We spent a couple blogs discussing heart failure (CHF)—what it is and how we treat it. As time goes on, our armamentarium has expanded. When I started practicing cardiology 25 years ago, ACE (angiotensin converting enzyme) inhibitors had recently been found to save lives and prevent progression of CHF in patients with systolic heart failure. They became the first “must use” medication for this condition. At that time, beta blockers—particularly carvedilol—were just being established as the second category of medication all patients should be taking for systolic heart failure. And a few years later, aldosterone antagonists became part of expected “triple therapy.”
The category of ACE inhibitors was broadened around that time to include a “cousin” category: ARBs (angiotensin receptor blockers). It would be 15-20 years before another medication became part of this triple therapy—Entresto being recently approved for this condition. Entresto, though, includes an ARB (valsartan), so it is used instead of an ACE inhibitor or ARB, not on top of it.
Recently, though, a completely new category of medication—so-called SGLT2 (sodium glucose co-transporter 2) inhibitors have been discovered to reduce CHF hospitalizations and decrease mortality. The story behind this realization is quite interesting. SGLT2 inhibitors were developed to treat diabetes. Because some of the previous diabetes medications had been shown to worsen cardiovascular outcomes—a critical issue for diabetics, who have a strong tendency to develop cardiovascular disease—the FDA decreed several years ago that all new diabetes medications had to undergo testing to make sure that they were safe for patients with heart disease.
When SGLT2 inhibitors were looked at (this category includes Jardiance®, Farxiga®, and Invokana®), they turned out not only to be safe, but to actually reduce hospitalizations for CHF and diminish cardiovascular mortality. Then further testing revealed that these drugs had the same benefits in patients who don’t even have diabetes!
The way that SGLT2 inhibitors work in diabetes is by decreasing the kidney’s reabsorption of glucose (sugar). This occurs alongside a decreased reabsorption of sodium, which is clearly of benefit to patients with CHF, as that condition is marked by a tendency to hold on to sodium and—along with that—fluid, which creates lung congestion and swelling.
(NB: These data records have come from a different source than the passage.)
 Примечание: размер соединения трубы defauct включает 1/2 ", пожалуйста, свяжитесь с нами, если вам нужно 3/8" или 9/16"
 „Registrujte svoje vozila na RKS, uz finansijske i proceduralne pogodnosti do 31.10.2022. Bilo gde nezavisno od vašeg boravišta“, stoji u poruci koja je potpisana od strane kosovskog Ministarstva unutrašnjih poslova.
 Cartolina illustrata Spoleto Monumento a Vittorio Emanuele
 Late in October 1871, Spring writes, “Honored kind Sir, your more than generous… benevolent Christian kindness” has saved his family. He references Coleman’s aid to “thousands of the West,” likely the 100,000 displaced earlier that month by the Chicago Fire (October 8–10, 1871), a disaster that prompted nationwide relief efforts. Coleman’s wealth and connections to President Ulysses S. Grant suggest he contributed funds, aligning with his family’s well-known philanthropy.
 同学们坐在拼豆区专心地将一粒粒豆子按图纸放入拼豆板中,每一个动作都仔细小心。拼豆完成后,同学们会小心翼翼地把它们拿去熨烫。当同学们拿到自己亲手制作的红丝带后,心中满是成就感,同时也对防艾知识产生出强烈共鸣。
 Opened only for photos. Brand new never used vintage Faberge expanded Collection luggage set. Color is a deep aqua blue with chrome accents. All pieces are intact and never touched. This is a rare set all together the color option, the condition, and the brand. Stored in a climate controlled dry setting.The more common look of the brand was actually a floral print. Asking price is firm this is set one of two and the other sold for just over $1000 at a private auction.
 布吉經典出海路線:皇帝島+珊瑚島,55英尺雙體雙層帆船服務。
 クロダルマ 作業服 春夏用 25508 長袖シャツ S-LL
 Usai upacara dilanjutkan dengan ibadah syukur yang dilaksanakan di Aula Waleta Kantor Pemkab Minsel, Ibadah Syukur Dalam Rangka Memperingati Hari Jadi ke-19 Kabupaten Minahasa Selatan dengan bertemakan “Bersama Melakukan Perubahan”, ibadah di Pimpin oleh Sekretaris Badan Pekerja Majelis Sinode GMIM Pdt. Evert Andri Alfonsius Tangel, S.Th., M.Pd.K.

But the benefits of SGLT2 inhibitors appear to go beyond the effects of removing sodium from the body. Researchers have several theories as to what other benefits these drugs provide that reduce CHF and death. These include lowering blood pressure, a decrease in aortic stiffness, changes to improve the efficiency of energy utilization by the heart, and a decrease in sympathetic (think adrenaline) drive.
We are now moving toward updating our algorithm for CHF management, where SGLT2 inhibitors will be the fourth leg of therapy for systolic heart failure. So, if your cardiologist starts you on one of these medications, don’t be surprised. She’s not trying to become your diabetes doctor—she’s just finding a new way to keep your heart healthy!